» Work instruction
The result should be the lines from the one holding "F2 netball team" to the end of the records below, repeated exactly. No pictures.

Segment Open

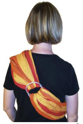
1. Put on the Storchenwiege<sup>®</sup> RingSling like a sash. The ring is in the middle of your back.

Suitable for children who can hold up their heads alone and have good control over their upper body.
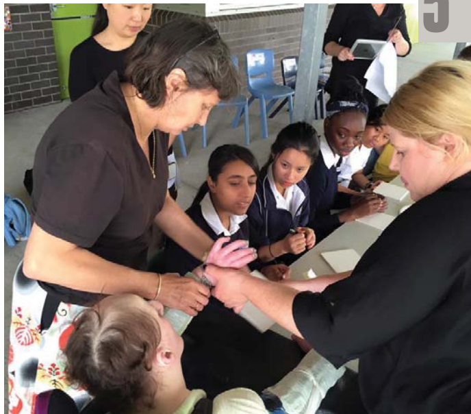
Year 11 students from Bankstown Girls High School help Caroline Chisholm Special School students make tile art for the new playground.

Work is expected to start later this year and be completed mid next year.
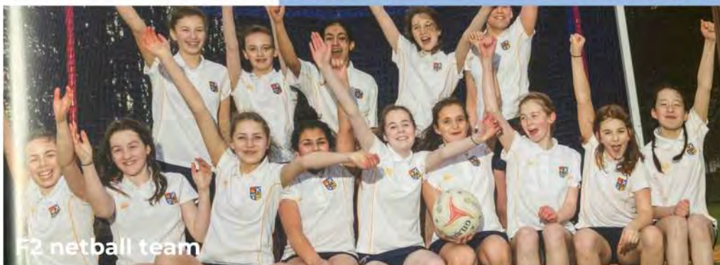
F2 netball team
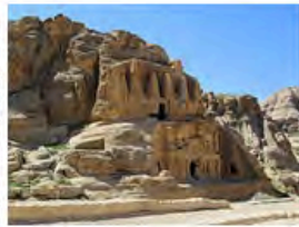
The Obelisk Tomb
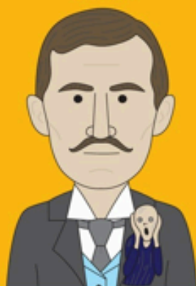
NORWEGIAN PAINTER & GRAPHIC ARTIST
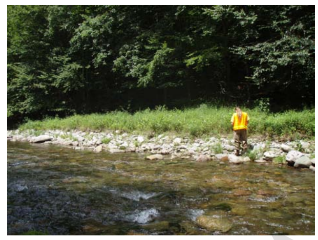
Figure 8 Wet meadow, Stn 26700

There are no wetlands within this management unit mapped in the National Wetland Inventory (see Section 2.5, Wetlands and Floodplains for more information on the National Wetland Inventory and wetlands in the Rondout watershed). A small wet meadow was noted along the right bank around Station 26700.
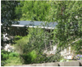
FORMER ROBIN BOYD HOUSE SOHE 2008

Segment Closed

» Response
F2 netball team
The Obelisk Tomb
NORWEGIAN PAINTER & GRAPHIC ARTIST
Figure 8 Wet meadow, Stn 26700

There are no wetlands within this management unit mapped in the National Wetland Inventory (see Section 2.5, Wetlands and Floodplains for more information on the National Wetland Inventory and wetlands in the Rondout watershed). A small wet meadow was noted along the right bank around Station 26700.
FORMER ROBIN BOYD HOUSE SOHE 2008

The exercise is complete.